The first step in changing the legal landscape was in 1994, with the adoption of Article 14 of the
Omani Foreign Capital Investment Law (OFCIL). This law permitted disputing parties to settle
their disputes by arbitration (Art. 14 Royal Decree No. 102/1994: It may be agreed to refer any
dispute between the foreign investment projects and third parties to a local or international
arbitration tribunal.). Moreover, the new law was an exception to Omani civil and commercial
procedure law OCCPL, which required all disputes with Omani nationals to be resolved by
Omani courts (see Art. 29 Omani civil and commercial procedure law Royal Decree 29/2002).

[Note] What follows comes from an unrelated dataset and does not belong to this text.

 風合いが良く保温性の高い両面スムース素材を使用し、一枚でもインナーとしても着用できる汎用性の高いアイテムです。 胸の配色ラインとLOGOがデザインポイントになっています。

The second step taken was in 1997, when Oman issued both the Omani Arbitration Law and
adopted the UNCITRAL Model law 1985 (Royal Decree No. 47/1997). Article 1 of the Omani
Arbitration Law states that this Law will apply to any arbitration between persons under public
or private law, irrespective of the legal relationship on which the dispute is based. Article 14 of
OFCIL and Article 1 of the Arbitration Law asserted the validity of arbitration clauses in any
contract whether public or private law applied to that contract, and irrespective to the nature of
disputing parties.
The third step occurred in 1999, when Oman ratified both the ICSID (Convention of
International Centre for Settlement of Investment Disputes of 1965.) and New York conventions
(New York Convention of recognition and enforcement of international arbitral award of 1958).
These ratifications satisfied foreign investors and entitled them to settle their disputes with the
Omani government by international arbitration.

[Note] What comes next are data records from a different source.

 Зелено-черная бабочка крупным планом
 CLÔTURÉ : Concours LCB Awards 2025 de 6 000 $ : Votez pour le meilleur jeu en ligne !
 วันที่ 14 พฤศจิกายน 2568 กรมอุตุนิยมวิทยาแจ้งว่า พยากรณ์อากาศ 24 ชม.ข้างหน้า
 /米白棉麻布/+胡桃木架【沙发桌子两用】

By 2009 the Omani judiciary began to play an important role in avoiding contradictions between
Omani laws concerning the validity of arbitral clauses in administrative contracts concluded with
state owned entities. For example, the validity of arbitral clauses in contracts between investors
and state owned entities was a question due to Article 6 of the Law of Administrative Courts and
Article 1 of Omani Arbitration Law (Royal degree No. 91/1999). In particular, Article 6 of the
Administrative Courts law (Royal degree No. 91/1999) gave conclusive jurisdiction to the
Administrative Court in disputes involving administrative contracts. Conversely, Article 1 of the
Omani Arbitration Law (Royal Decree No. 47/1997) permits disputing parties to settle their
dispute by arbitration, irrespective of the legal relationship on which the dispute is based.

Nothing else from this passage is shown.